Items from a dataset:
=======
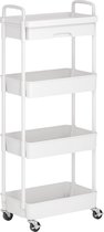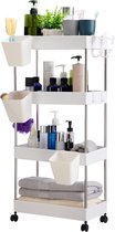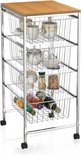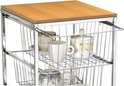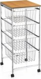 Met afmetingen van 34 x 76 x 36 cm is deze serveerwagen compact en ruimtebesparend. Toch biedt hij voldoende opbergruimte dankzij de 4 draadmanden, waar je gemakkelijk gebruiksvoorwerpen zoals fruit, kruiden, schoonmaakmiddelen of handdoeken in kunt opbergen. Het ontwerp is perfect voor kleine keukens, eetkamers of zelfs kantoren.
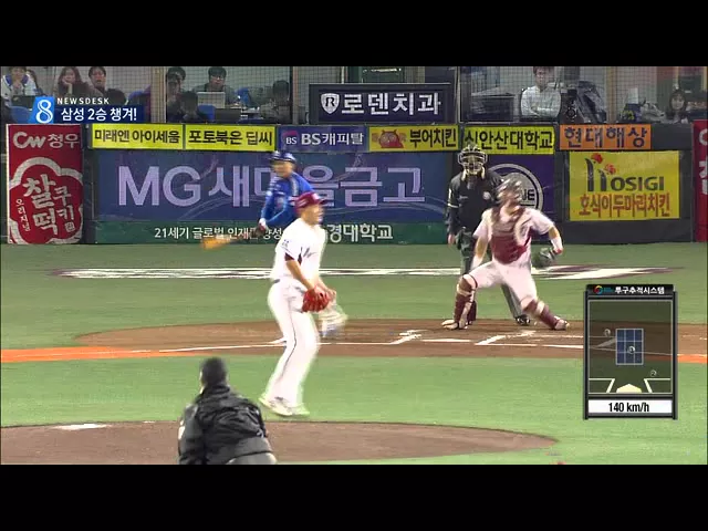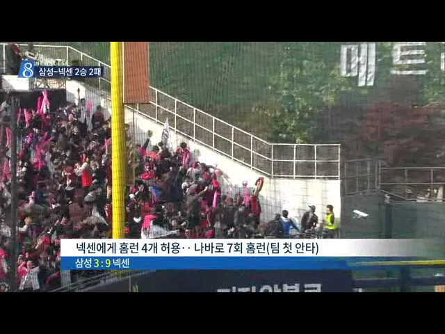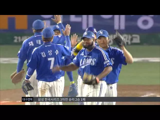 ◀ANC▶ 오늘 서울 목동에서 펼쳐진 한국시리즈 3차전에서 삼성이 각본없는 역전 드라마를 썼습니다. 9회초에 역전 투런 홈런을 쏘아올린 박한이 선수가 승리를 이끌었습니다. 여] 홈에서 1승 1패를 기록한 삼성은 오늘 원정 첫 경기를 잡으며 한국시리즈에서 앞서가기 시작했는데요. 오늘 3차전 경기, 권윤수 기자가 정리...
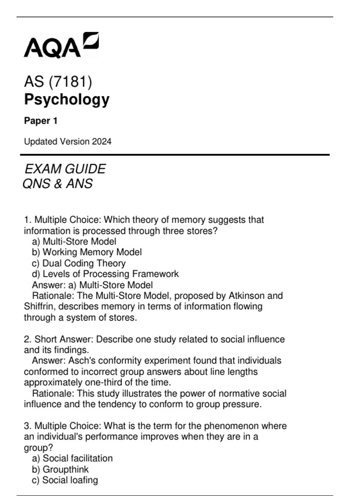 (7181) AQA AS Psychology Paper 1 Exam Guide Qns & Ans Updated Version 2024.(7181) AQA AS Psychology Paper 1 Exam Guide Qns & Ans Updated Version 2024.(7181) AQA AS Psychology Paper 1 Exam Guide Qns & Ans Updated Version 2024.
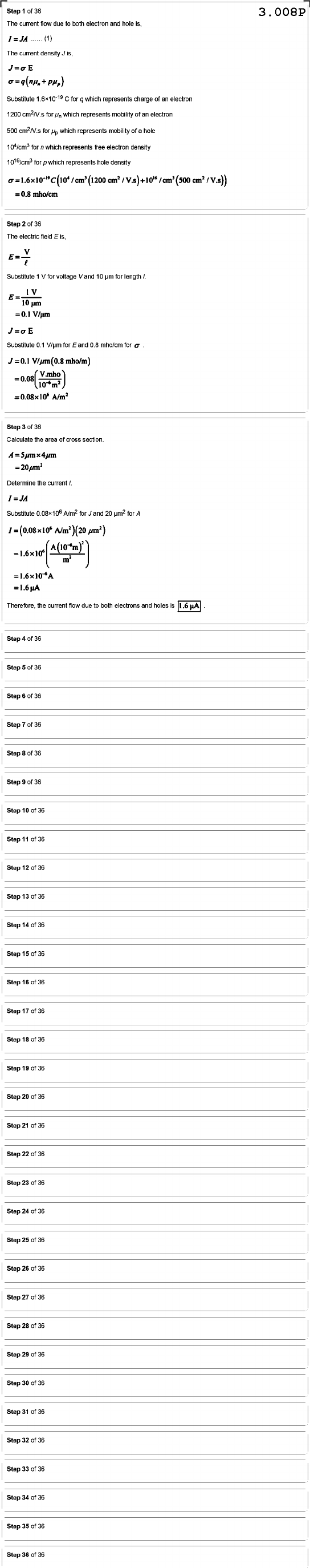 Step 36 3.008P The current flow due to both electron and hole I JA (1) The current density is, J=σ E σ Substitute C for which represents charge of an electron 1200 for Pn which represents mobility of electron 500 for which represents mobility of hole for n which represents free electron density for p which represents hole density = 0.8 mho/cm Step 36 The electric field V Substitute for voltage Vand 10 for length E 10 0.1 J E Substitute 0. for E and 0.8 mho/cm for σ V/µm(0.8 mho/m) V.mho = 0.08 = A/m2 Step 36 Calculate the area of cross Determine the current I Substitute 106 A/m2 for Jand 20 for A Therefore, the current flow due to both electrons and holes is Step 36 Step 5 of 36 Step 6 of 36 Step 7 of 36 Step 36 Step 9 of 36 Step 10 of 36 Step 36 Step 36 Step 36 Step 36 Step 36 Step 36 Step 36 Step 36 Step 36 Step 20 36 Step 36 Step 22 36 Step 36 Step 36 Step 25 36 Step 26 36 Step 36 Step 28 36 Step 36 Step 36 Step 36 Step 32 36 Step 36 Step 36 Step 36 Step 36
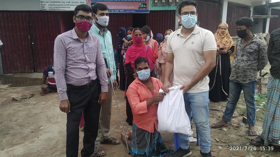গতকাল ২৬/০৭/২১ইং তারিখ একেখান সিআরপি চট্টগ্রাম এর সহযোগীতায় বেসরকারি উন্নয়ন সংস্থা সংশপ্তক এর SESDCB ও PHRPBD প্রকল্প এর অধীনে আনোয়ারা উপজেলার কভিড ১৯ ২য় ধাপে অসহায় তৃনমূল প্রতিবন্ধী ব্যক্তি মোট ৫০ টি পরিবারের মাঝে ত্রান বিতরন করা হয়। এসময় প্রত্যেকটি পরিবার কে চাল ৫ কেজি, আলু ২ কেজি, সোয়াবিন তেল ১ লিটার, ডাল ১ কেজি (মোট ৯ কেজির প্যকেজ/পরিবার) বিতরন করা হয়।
=======
PROBLEM DETAILS: Before copying, set the pictures aside; then give the records again exactly.

EXERCISE OUTPUT:
 Met afmetingen van 34 x 76 x 36 cm is deze serveerwagen compact en ruimtebesparend. Toch biedt hij voldoende opbergruimte dankzij de 4 draadmanden, waar je gemakkelijk gebruiksvoorwerpen zoals fruit, kruiden, schoonmaakmiddelen of handdoeken in kunt opbergen. Het ontwerp is perfect voor kleine keukens, eetkamers of zelfs kantoren.
 ◀ANC▶ 오늘 서울 목동에서 펼쳐진 한국시리즈 3차전에서 삼성이 각본없는 역전 드라마를 썼습니다. 9회초에 역전 투런 홈런을 쏘아올린 박한이 선수가 승리를 이끌었습니다. 여] 홈에서 1승 1패를 기록한 삼성은 오늘 원정 첫 경기를 잡으며 한국시리즈에서 앞서가기 시작했는데요. 오늘 3차전 경기, 권윤수 기자가 정리...
 (7181) AQA AS Psychology Paper 1 Exam Guide Qns & Ans Updated Version 2024.(7181) AQA AS Psychology Paper 1 Exam Guide Qns & Ans Updated Version 2024.(7181) AQA AS Psychology Paper 1 Exam Guide Qns & Ans Updated Version 2024.
 Step 36 3.008P The current flow due to both electron and hole I JA (1) The current density is, J=σ E σ Substitute C for which represents charge of an electron 1200 for Pn which represents mobility of electron 500 for which represents mobility of hole for n which represents free electron density for p which represents hole density = 0.8 mho/cm Step 36 The electric field V Substitute for voltage Vand 10 for length E 10 0.1 J E Substitute 0. for E and 0.8 mho/cm for σ V/µm(0.8 mho/m) V.mho = 0.08 = A/m2 Step 36 Calculate the area of cross Determine the current I Substitute 106 A/m2 for Jand 20 for A Therefore, the current flow due to both electrons and holes is Step 36 Step 5 of 36 Step 6 of 36 Step 7 of 36 Step 36 Step 9 of 36 Step 10 of 36 Step 36 Step 36 Step 36 Step 36 Step 36 Step 36 Step 36 Step 36 Step 36 Step 20 36 Step 36 Step 22 36 Step 36 Step 36 Step 25 36 Step 26 36 Step 36 Step 28 36 Step 36 Step 36 Step 36 Step 32 36 Step 36 Step 36 Step 36 Step 36
গতকাল ২৬/০৭/২১ইং তারিখ একেখান সিআরপি চট্টগ্রাম এর সহযোগীতায় বেসরকারি উন্নয়ন সংস্থা সংশপ্তক এর SESDCB ও PHRPBD প্রকল্প এর অধীনে আনোয়ারা উপজেলার কভিড ১৯ ২য় ধাপে অসহায় তৃনমূল প্রতিবন্ধী ব্যক্তি মোট ৫০ টি পরিবারের মাঝে ত্রান বিতরন করা হয়। এসময় প্রত্যেকটি পরিবার কে চাল ৫ কেজি, আলু ২ কেজি, সোয়াবিন তেল ১ লিটার, ডাল ১ কেজি (মোট ৯ কেজির প্যকেজ/পরিবার) বিতরন করা হয়।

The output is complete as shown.